女翻译嘉娃是我们此番苏联之行接触最多的苏联人,她告诉我们,她只是经人推荐被作协临时雇用来作我们团的翻译的。
“你难道没有一份正式的工作?”我奇怪极了,嘉娃毕业于莫斯科大学的东方语言学院,她的汉语说得非常流利,这样一个人才怎么会失业?嘉娃耸了耸肩,告诉我她原本有份很不错的工作,在广播电台当文学翻译,她曾经翻译过许多历史文件,包括蒋介石的信。她工作得非常出色,受到许多赞扬,可是有一天突然通知她说电台不需要中文翻译了,于是她便失去了工作,如今只是客串给人做做临时翻译。嘉娃坦率地告诉我,她非常想到作家协会当翻译,她也知道作家协会非常需要一位中文翻译,然而她的直觉告诉她,作协的有些人并不喜欢她,也许是嫌她年龄太大了吧?我实在觉得她是个非常好的翻译,立即表示愿意向作协的有关方面反映她工作优秀的情况。嘉娃连忙说不行不行,你们是客人,去说了反而不好,人家会以为我如何贿赂你们了呢。她又说她丈夫认识一位有声望的汉学家,答应为她疏通,还不知能不能成。
命运不会亏待善良的人,嘉娃的事业虽不顺利,然而她拥有一个美满的家庭。她的丈夫米沙在国际关系学院教中文,他和她是莫斯科大学的同学,志同道合结为夫妇。
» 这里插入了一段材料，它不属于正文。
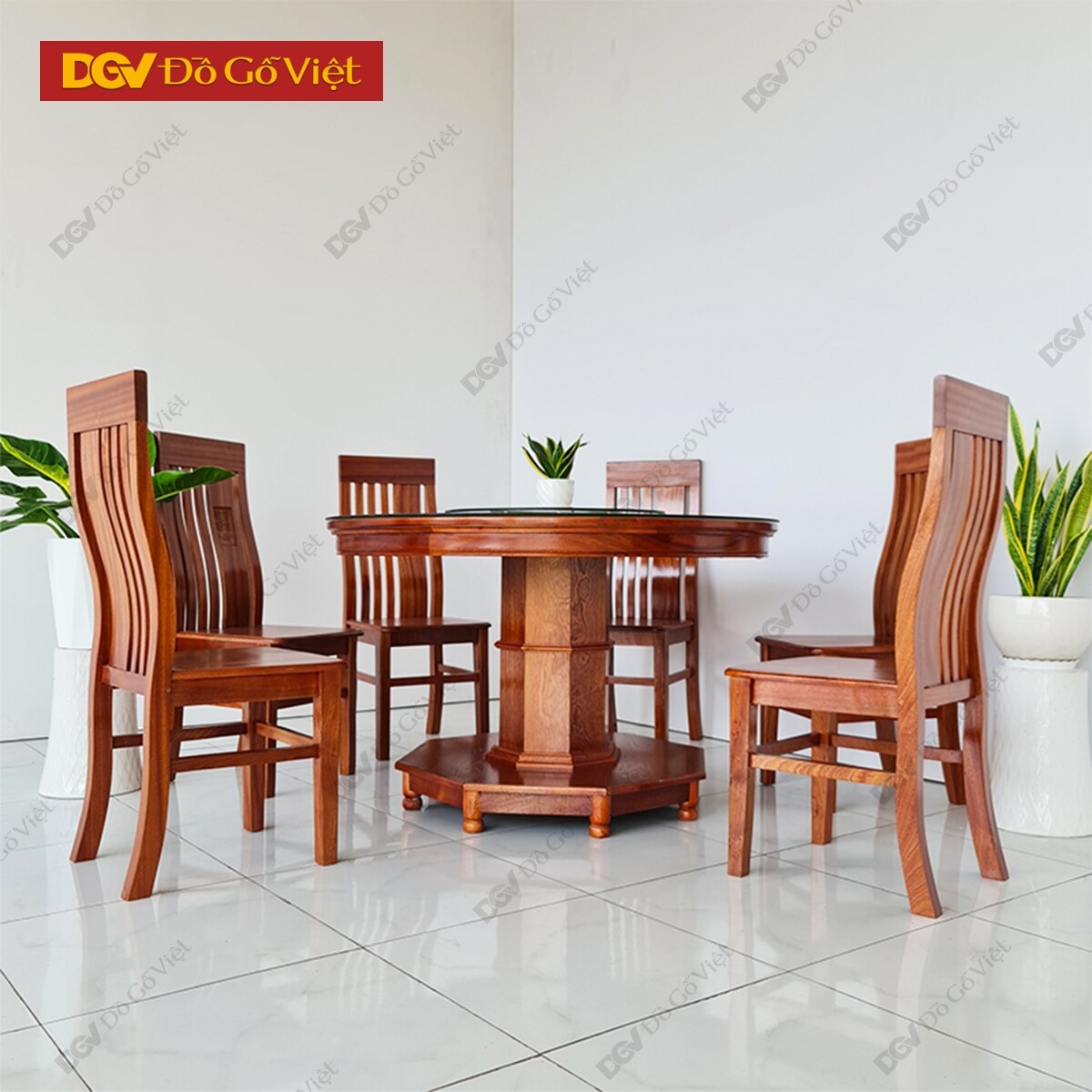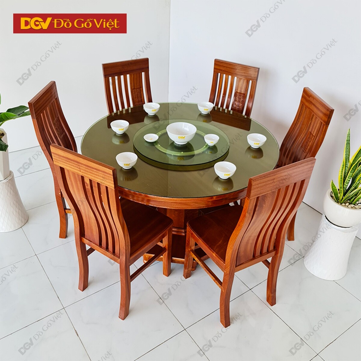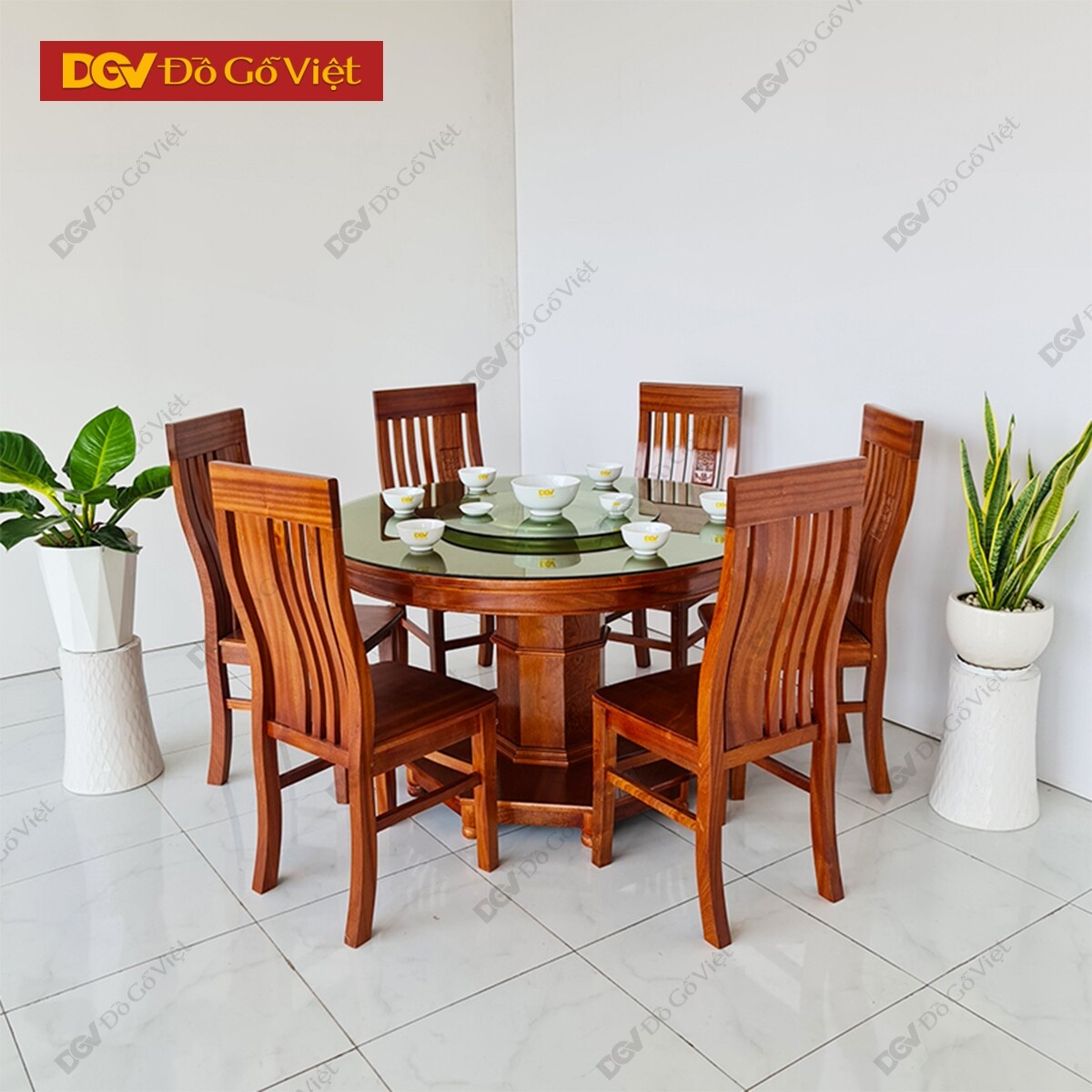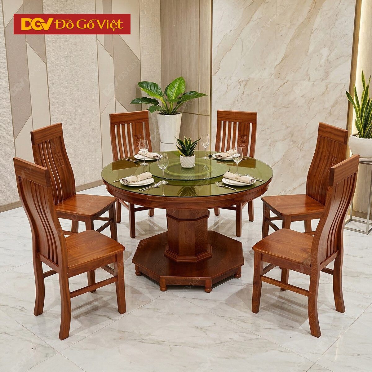 Bàn Ăn Tròn Mâm Xoay Gỗ Xoan Đào 6 Ghế

嘉娃悄悄地披露了米沙的秘密,二十世纪60年代,米沙曾和一位中国姑娘相爱过,后来因为政治的缘故,他们斩断了情丝。嘉娃说,她见过那姑娘的照片,美丽极了。嘉娃的独生女儿巧岁,叫斯维塔,中文意为“光明”,斯维塔确实神采照人,高大而丰满,受父母影响,她见了中国客人亦是欣喜若狂。
米沙是一名苏共党员,嘉娃不是,嘉娃说苏联的知识妇女35岁以上就很难人党了,不过嘉娃是很有政治主见的,谈起当前的改革,她认为知识分子都比较拥护戈尔巴乔夫的政策,而工人农民意见就比较多,因为目前苏联的经济搞不上去。又谈及民族矛盾的问题,嘉娃赞同戈尔巴乔夫的公开讲话,她说那讲话是遵照了列宁的精神的,各民族应该独立自主,但不是要脱离苏维埃社会主义联盟,她不同意波罗的海三国要求脱离苏联而独立的做法。嘉娃说,她是俄罗斯人,她爱俄罗斯,更爱整个苏联。
我记录了这些素材般的文字,零零碎碎的不成文章,企图在巧天时间里深刻地了解苏联,彻底解开那张谜面,实在是难以想象的,我的这段文字仅仅是沧海一粟罢了。如果要我用简洁的语言来概括对苏联的印象,我恐怕是回答不出的。此刻浮映在我脑海中的是一座奇特的墓碑,我们在莫斯科新处女公墓里看见的赫鲁晓夫的墓碑,一块漆黑的大理石与一块纯白的大理石相衔而立,中间嵌着赫鲁晓夫微笑着的头像。据说赫鲁晓夫生前曾经粗鲁地骂过这位雕塑家,待他临终前他却关照儿子,一定要请这位雕塑家为他设计墓碑。于是这位雕塑家为赫鲁晓夫立起了这块奇特的墓碑,构思巧妙而意蕴无穷,它艺术地体现了一些文字难以说清的东西。我想,人是这样的,社会是这样的,世界也是这样的。